──────── SUPPLIED MATERIAL ────────

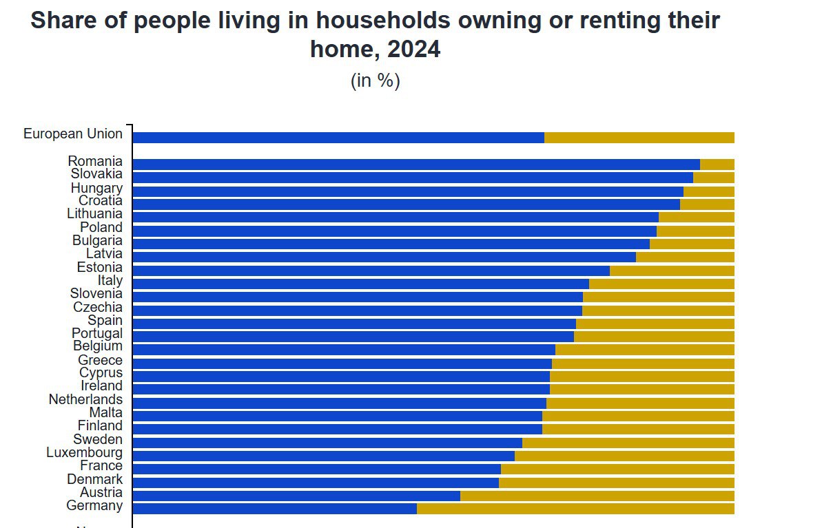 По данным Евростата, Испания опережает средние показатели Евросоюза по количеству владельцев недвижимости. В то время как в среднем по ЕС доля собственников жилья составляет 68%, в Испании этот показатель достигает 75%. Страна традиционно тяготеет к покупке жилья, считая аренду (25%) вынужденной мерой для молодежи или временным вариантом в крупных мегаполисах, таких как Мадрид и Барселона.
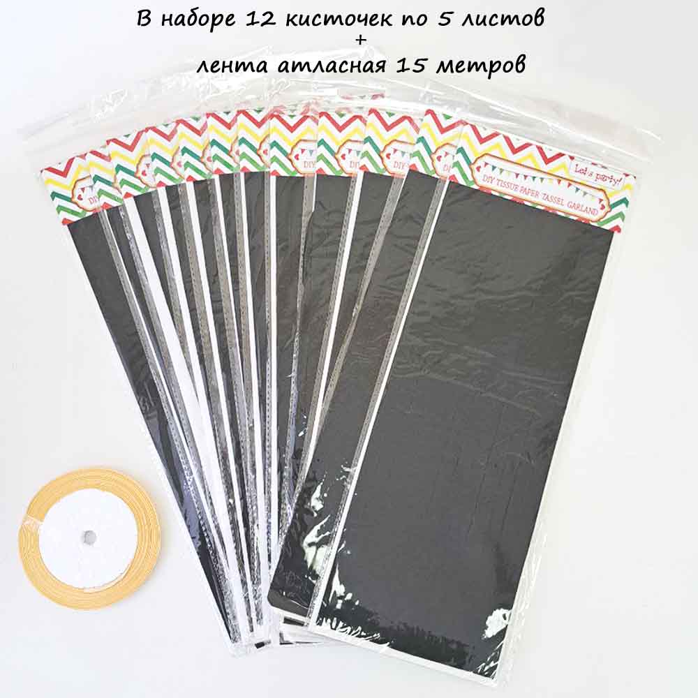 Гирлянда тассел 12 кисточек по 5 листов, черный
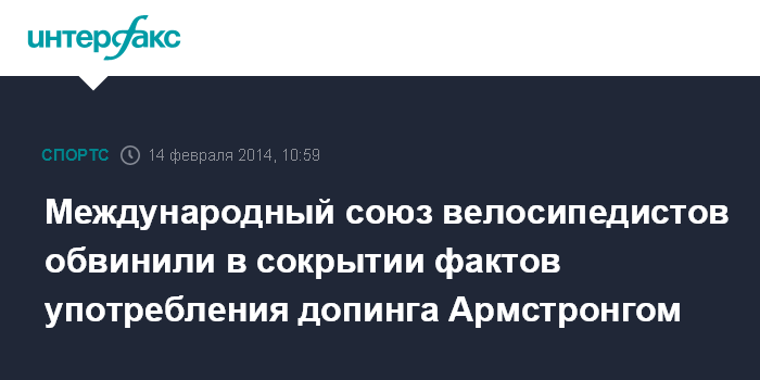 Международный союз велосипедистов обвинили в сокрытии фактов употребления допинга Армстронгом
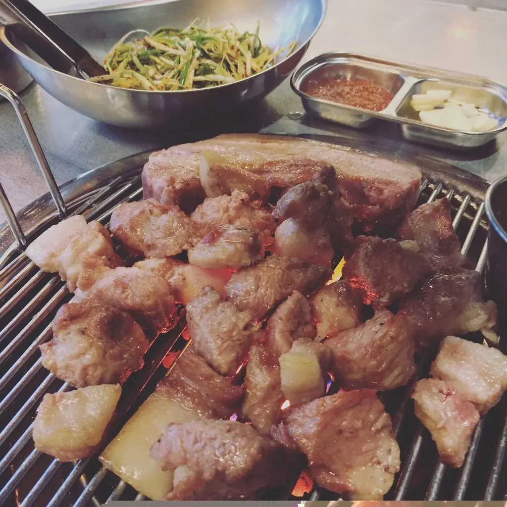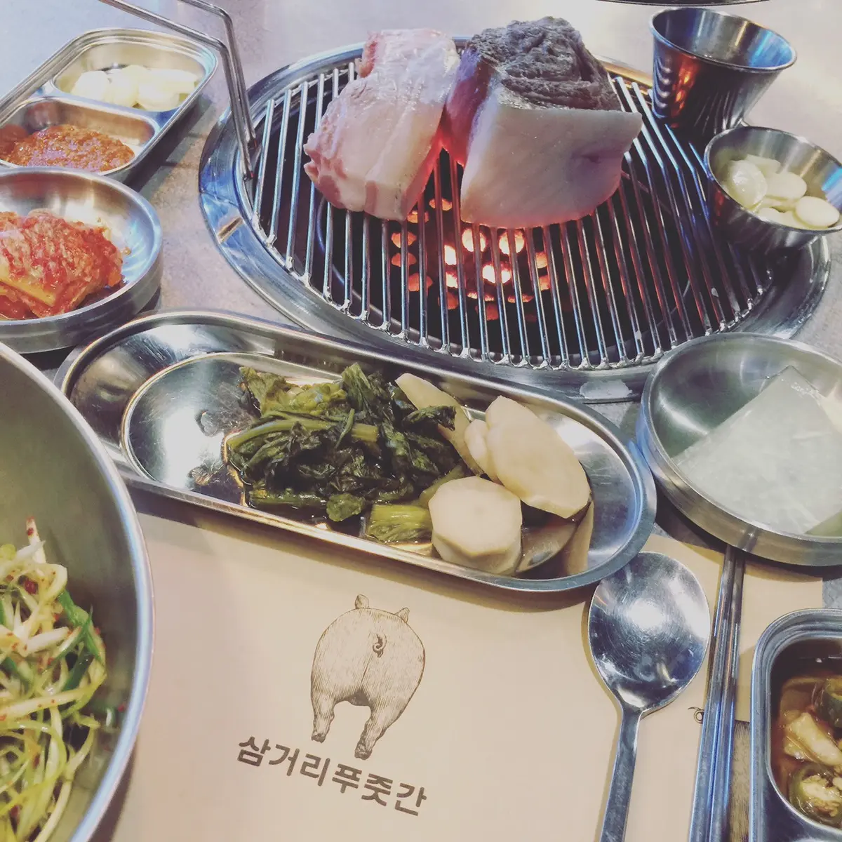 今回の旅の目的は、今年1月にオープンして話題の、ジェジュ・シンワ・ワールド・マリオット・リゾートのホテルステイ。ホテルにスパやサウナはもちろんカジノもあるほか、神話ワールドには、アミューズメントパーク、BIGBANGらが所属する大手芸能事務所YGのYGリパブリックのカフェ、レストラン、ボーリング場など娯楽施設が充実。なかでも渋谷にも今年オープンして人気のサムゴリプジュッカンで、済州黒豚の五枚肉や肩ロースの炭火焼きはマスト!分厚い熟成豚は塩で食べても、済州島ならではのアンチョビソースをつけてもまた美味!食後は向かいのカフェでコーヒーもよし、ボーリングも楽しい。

────────

ASSIGNED TASK: Return, exactly and without extra lines, everything from the line with "Международный союз велосипедистов" through the last line of the material above, both included. Pictures must be dropped.

RESULT:
 Международный союз велосипедистов обвинили в сокрытии фактов употребления допинга Армстронгом
 今回の旅の目的は、今年1月にオープンして話題の、ジェジュ・シンワ・ワールド・マリオット・リゾートのホテルステイ。ホテルにスパやサウナはもちろんカジノもあるほか、神話ワールドには、アミューズメントパーク、BIGBANGらが所属する大手芸能事務所YGのYGリパブリックのカフェ、レストラン、ボーリング場など娯楽施設が充実。なかでも渋谷にも今年オープンして人気のサムゴリプジュッカンで、済州黒豚の五枚肉や肩ロースの炭火焼きはマスト!分厚い熟成豚は塩で食べても、済州島ならではのアンチョビソースをつけてもまた美味!食後は向かいのカフェでコーヒーもよし、ボーリングも楽しい。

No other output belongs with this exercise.